Please copy all of the data that follows exactly, leaving any pictures out.

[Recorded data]
◇ ◇ ◇ ◇

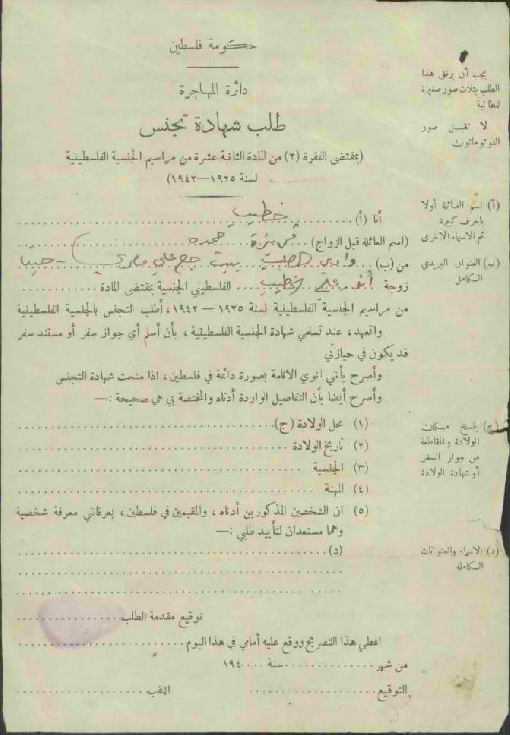 طلب الجنسية الفلسطينية-فريزة رباح الخطيب-حيفا/سوريا
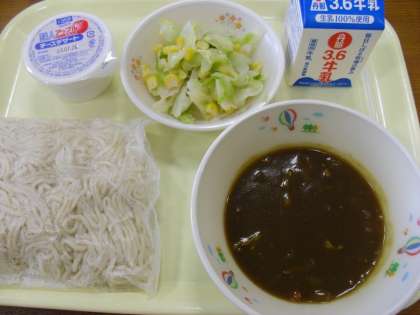 今日のメニューは、カレーソース(汁・めん)、コールスローサラダ、チーズデザート、牛乳です。
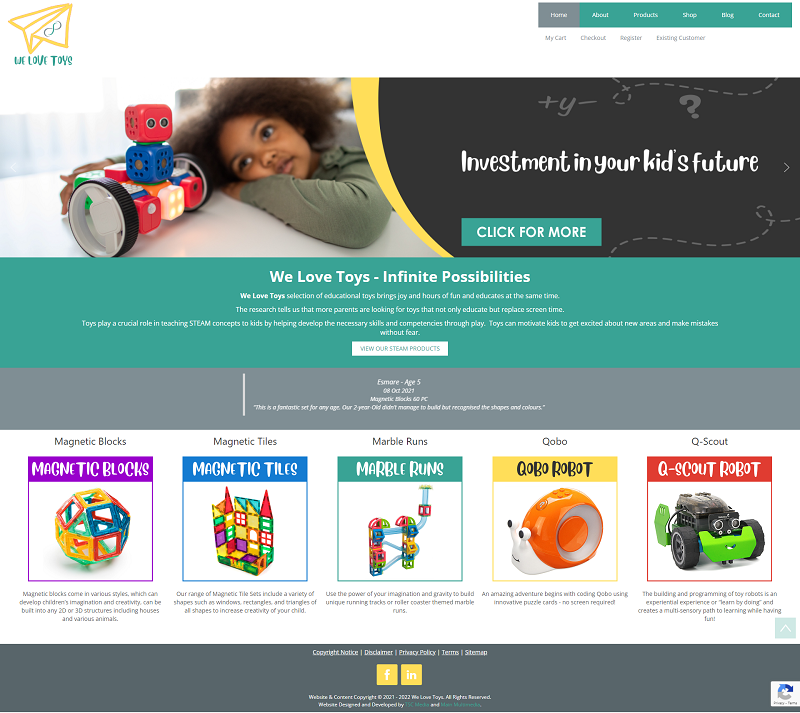 We Love Toys, marketed by Main Multimedia, started in 2021 and required a website with fully functional online shop. We designed the website and developed the online shop with PayFast plugin. The site was protected with a SSL certificate and Recaptcha. The banners and artwork we designed were also used for marketing on social media. While active, We Love Toys was on SLA maintenance and was hosted with TSC Media.
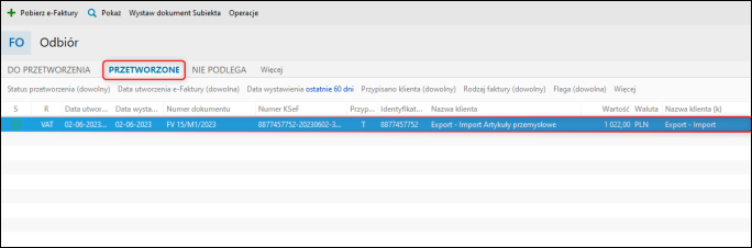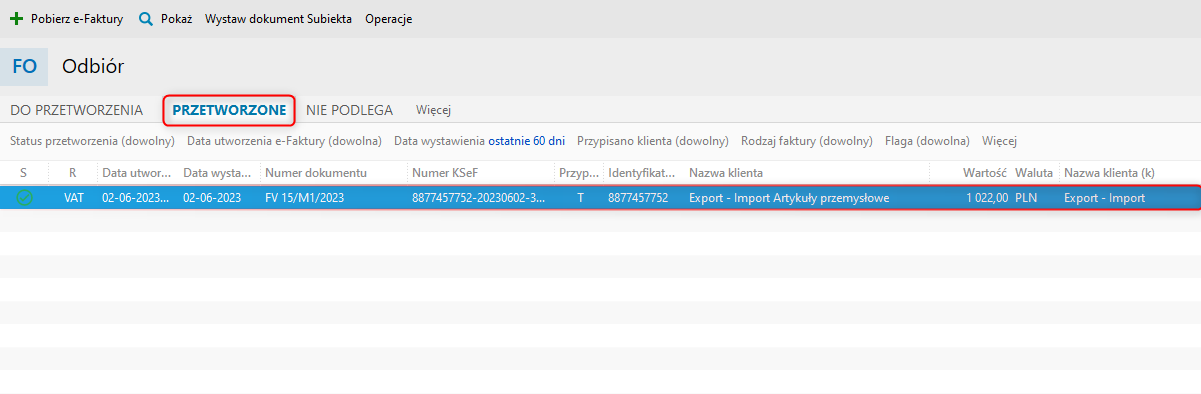 Po zapisaniu dokumentu e-Faktura zniknie z widoku Do przetworzenia i pojawi się w widoku Przetworzone.
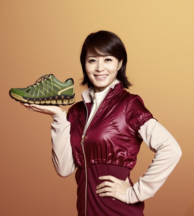 <사진> 프로스펙스W의 광고 모델인 김혜수가 헤롯 스페셜 리미티드 에디션 W POWER 417제품을 들고 포즈를 취하고 있다.
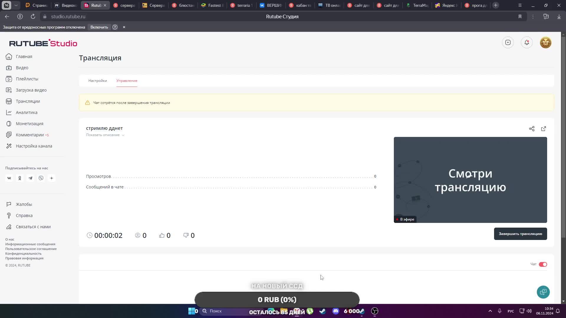 Как стримить через рутуб
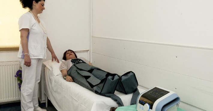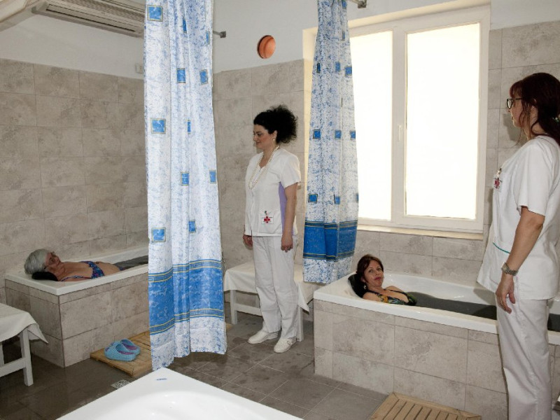 Bai de namol, hidrokinetoterapie de grup in bazin cu apa sarata provenita din lacul Techirghiol, cataplasme cu namol, cataplasme cu parafina, aerosoli cu apa sarata de mare, bai galvanice.
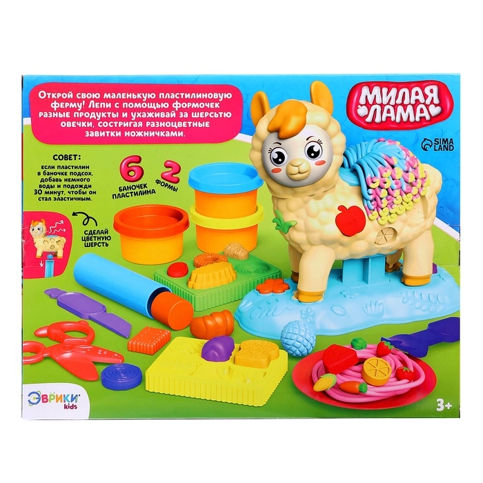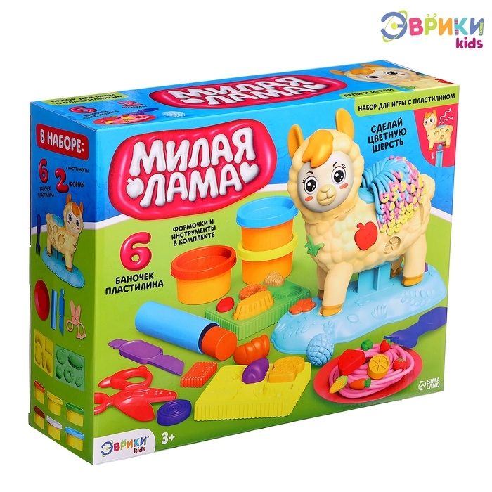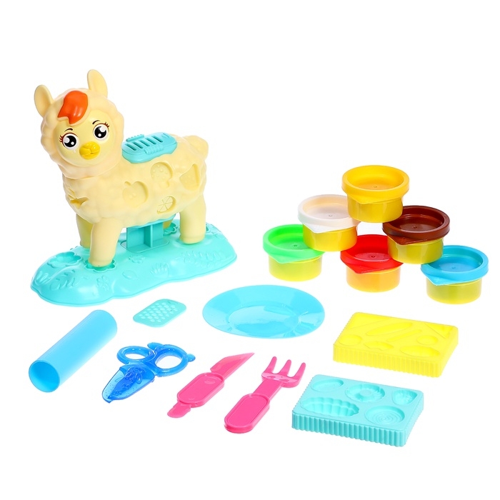 Набор для игры с мягким пластилином «Милая Лама», 6 баночек с массой для лепки, 2 формы
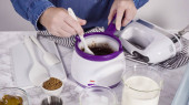 Krok po kroku. Przygotowanie domowych lodów czekoladowych w stojącej kuchennej mikserze.

◇ ◇ ◇ ◇

» **EXERCISE SOLUTION**
 طلب الجنسية الفلسطينية-فريزة رباح الخطيب-حيفا/سوريا
 今日のメニューは、カレーソース(汁・めん)、コールスローサラダ、チーズデザート、牛乳です。
 We Love Toys, marketed by Main Multimedia, started in 2021 and required a website with fully functional online shop. We designed the website and developed the online shop with PayFast plugin. The site was protected with a SSL certificate and Recaptcha. The banners and artwork we designed were also used for marketing on social media. While active, We Love Toys was on SLA maintenance and was hosted with TSC Media.
 Po zapisaniu dokumentu e-Faktura zniknie z widoku Do przetworzenia i pojawi się w widoku Przetworzone.
 <사진> 프로스펙스W의 광고 모델인 김혜수가 헤롯 스페셜 리미티드 에디션 W POWER 417제품을 들고 포즈를 취하고 있다.
 Как стримить через рутуб
 Bai de namol, hidrokinetoterapie de grup in bazin cu apa sarata provenita din lacul Techirghiol, cataplasme cu namol, cataplasme cu parafina, aerosoli cu apa sarata de mare, bai galvanice.
 Набор для игры с мягким пластилином «Милая Лама», 6 баночек с массой для лепки, 2 формы
 Krok po kroku. Przygotowanie domowych lodów czekoladowych w stojącej kuchennej mikserze.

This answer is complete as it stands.